• **RECORDS SHOWN**:
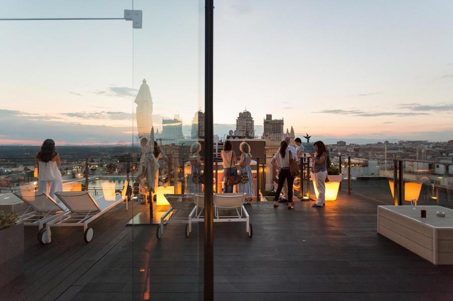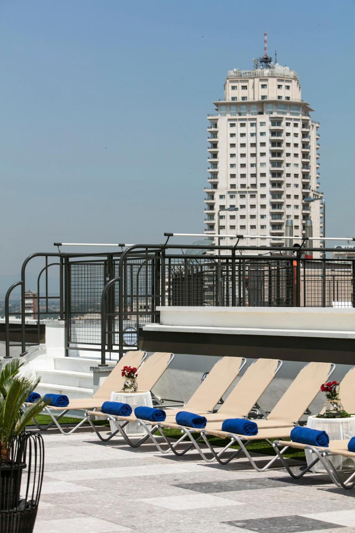 Unwind at our seasonal rooftop swimming pool and terrace, offering breathtaking city views. Sip on cocktails while taking in the sights of the Royal Palace, Almudena Cathedral, and Gran Vía Avenue.
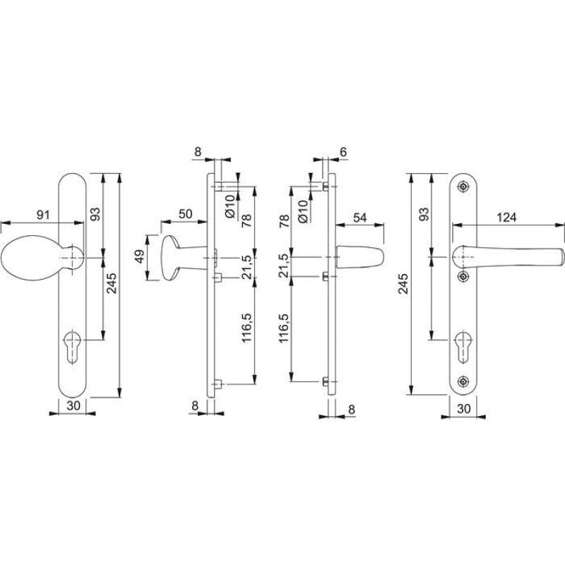 Wechselgarnitur für Profiltüren · fest/drehbar gelagert · Schilder mit Edelstahl-Unterkonstruktion und Stütznocken · außen: nicht sichtbar verschraubt · innen: sichtbare Verschraubung M6 · Entfernung 92 mm · Vierkant 8 mm · DIN links / rechts
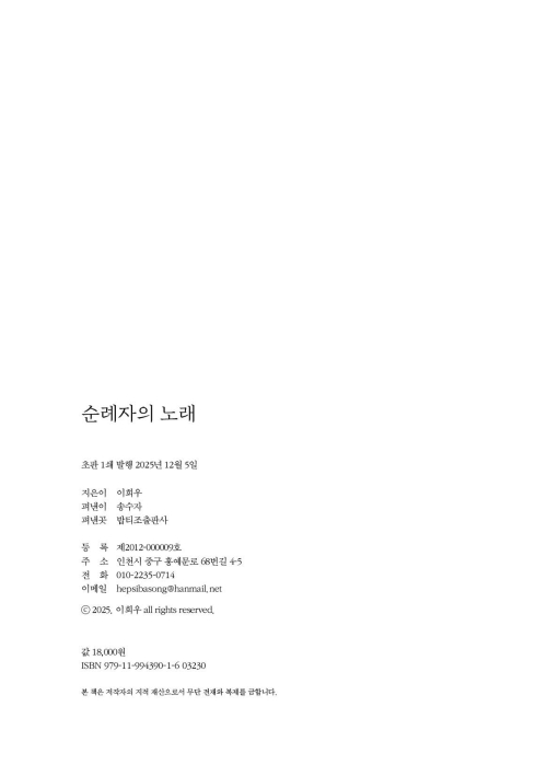 시편을 가까이할 때 우리는 체험적인 신앙의 맛을 경험하게 될 것입니다. 시편에 관한 책들이 많지만, 이 가운데 균형 있는 시각으로 깊이를 보여주는 책 한 권을 기꺼이 추천합니다. 바로 이희우 목사님이 쓰신 『순례자의 노래』입니다. 이 책은 시편 중에서도 특별한 여정을 담고 있는 ‘성전에 올라가는 순례자의 노래’(시편 120~134편)를 깊이 있게 해설한 귀한 저서입니다. 이 책을 읽으며, 저는 한 목회자의 깊은 묵상과 성경 해석자로서의 탁월한 통찰력이 어우러지는 모습을 보았습니다.
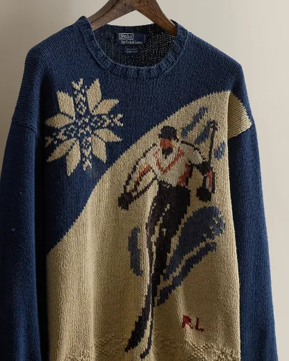Part of the Cruise 1995 Polo collection. Cotton sweater features a skier graphic and a snowflake motif. Size large has approximately a 24" back body length, a 22" shoulder, a 50" chest, and a 23.75" sleeve length.
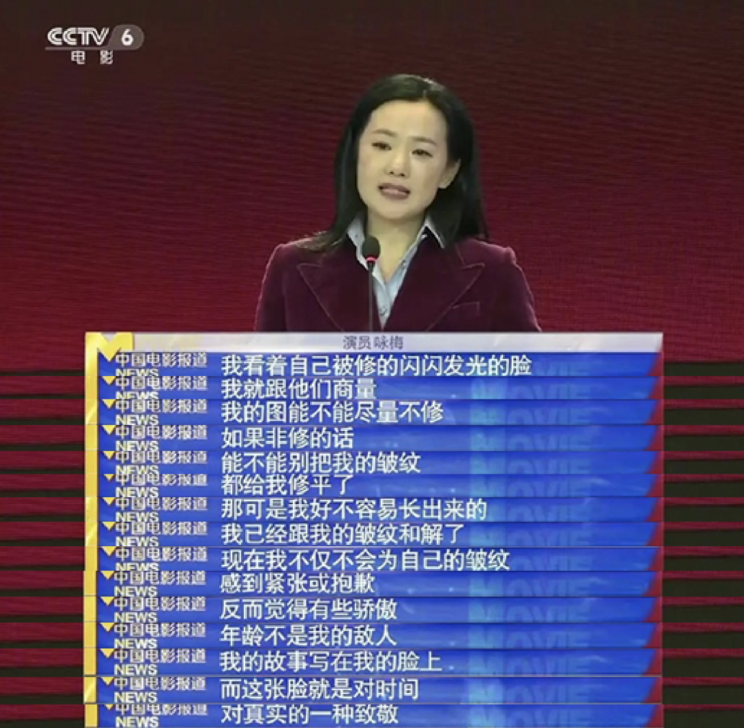 於是她在領金雞獎盃時,發表了那段經典的「不修圖」宣言:
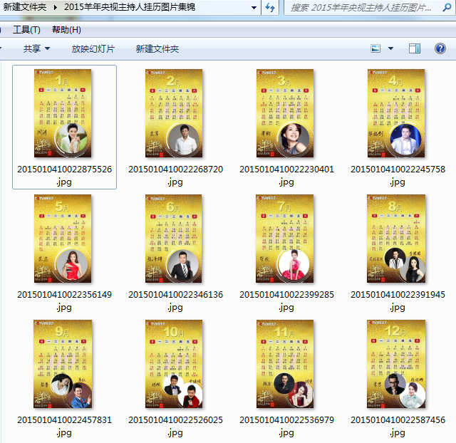 今天小编和大家分享的是一套2015羊年挂历,具体为2015羊年央视主持人挂历图片集锦,和其他挂历大不相同,因为这套2015央视主持人挂历当中包含了众多央视名嘴,希望大家会喜欢这套央视2015年挂历,有需要的朋友可立即下载此文档。
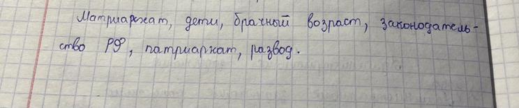 В каждой обычной среднестатистической семье в РФ присутствует,как матриархат так и патриархат.Главным событием в семье являются дети.Дети так же вырастают и достигают брачного возраста,по законодательству РФ это 18,крайний случай 16 лет.Так же по законодательству РФ люди могут и подать на развод.
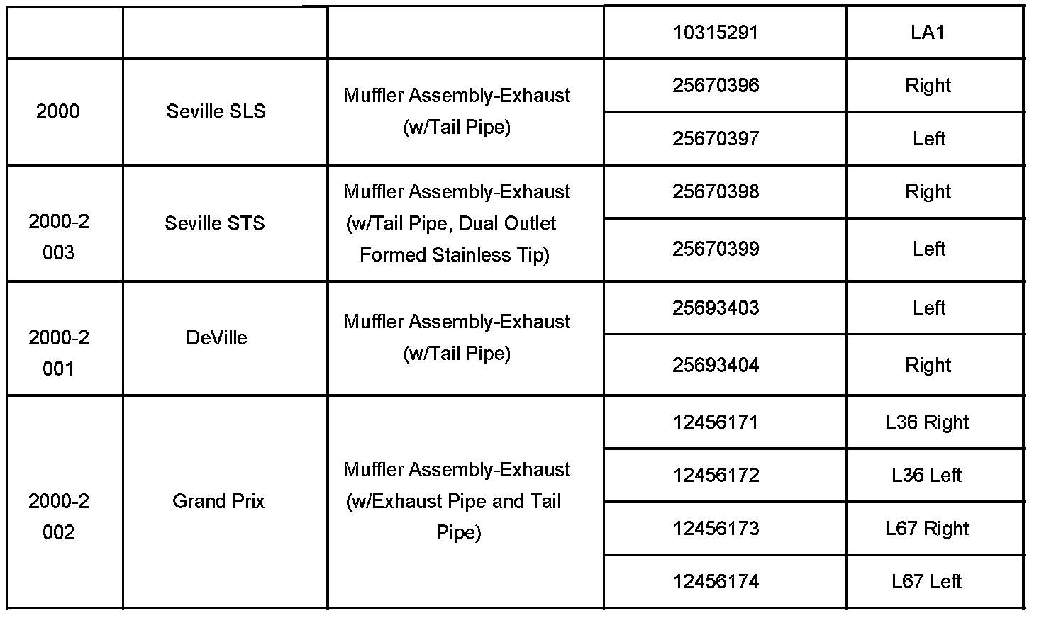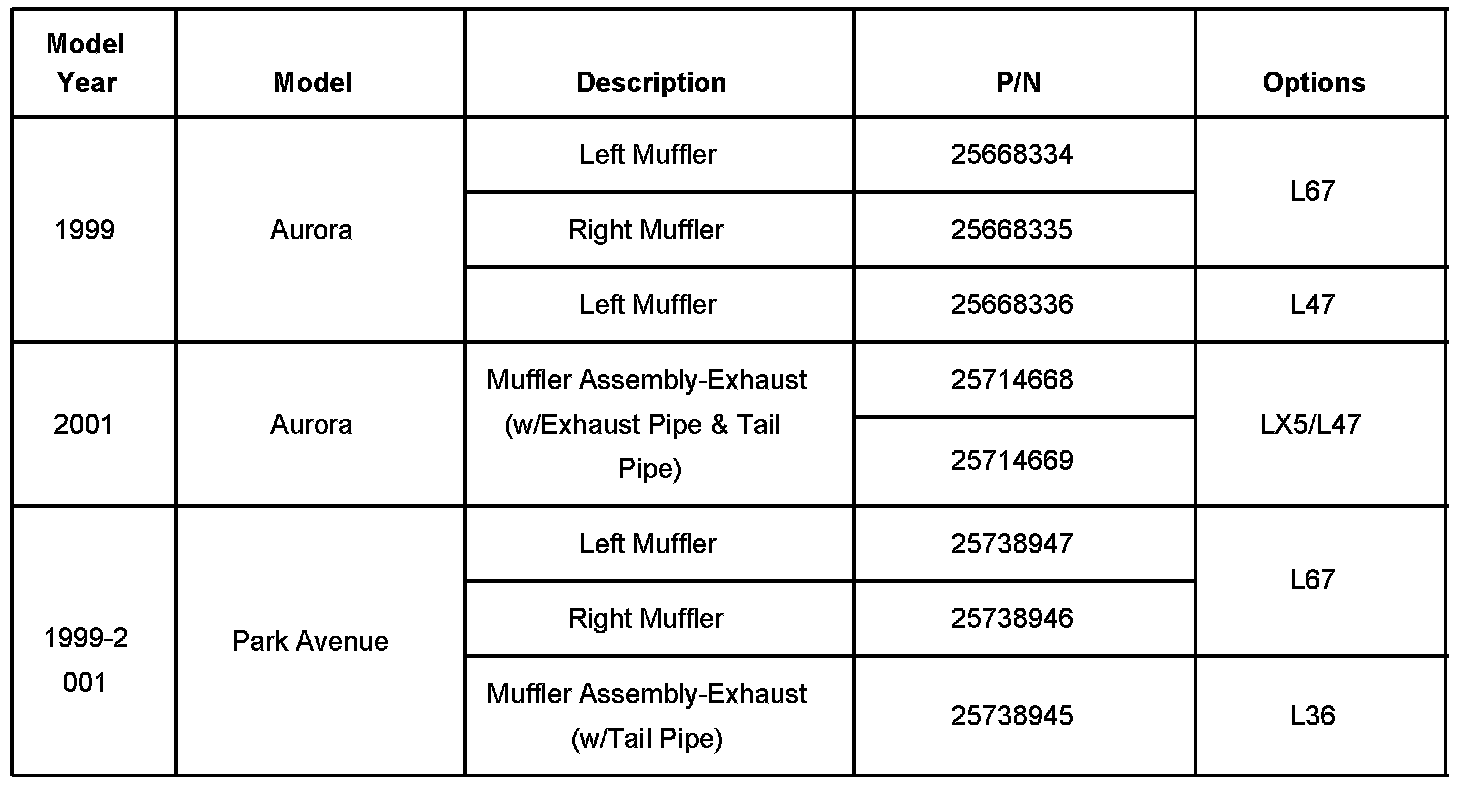 The purpose of this bulletin is to make available the part numbers for exhaust mufflers for service. Replacing only the exhaust muffler, instead of the complete exhaust system from the converter back, greatly reduces repair expenses.

• **PROBLEM REQUIREMENTS**:
Pictures must be left out of the answer, which should be exactly the lines from the one holding "В каждой обычной" through the last line of the entries above, both included; please add nothing.

• **REPLY**:
 В каждой обычной среднестатистической семье в РФ присутствует,как матриархат так и патриархат.Главным событием в семье являются дети.Дети так же вырастают и достигают брачного возраста,по законодательству РФ это 18,крайний случай 16 лет.Так же по законодательству РФ люди могут и подать на развод.
 The purpose of this bulletin is to make available the part numbers for exhaust mufflers for service. Replacing only the exhaust muffler, instead of the complete exhaust system from the converter back, greatly reduces repair expenses.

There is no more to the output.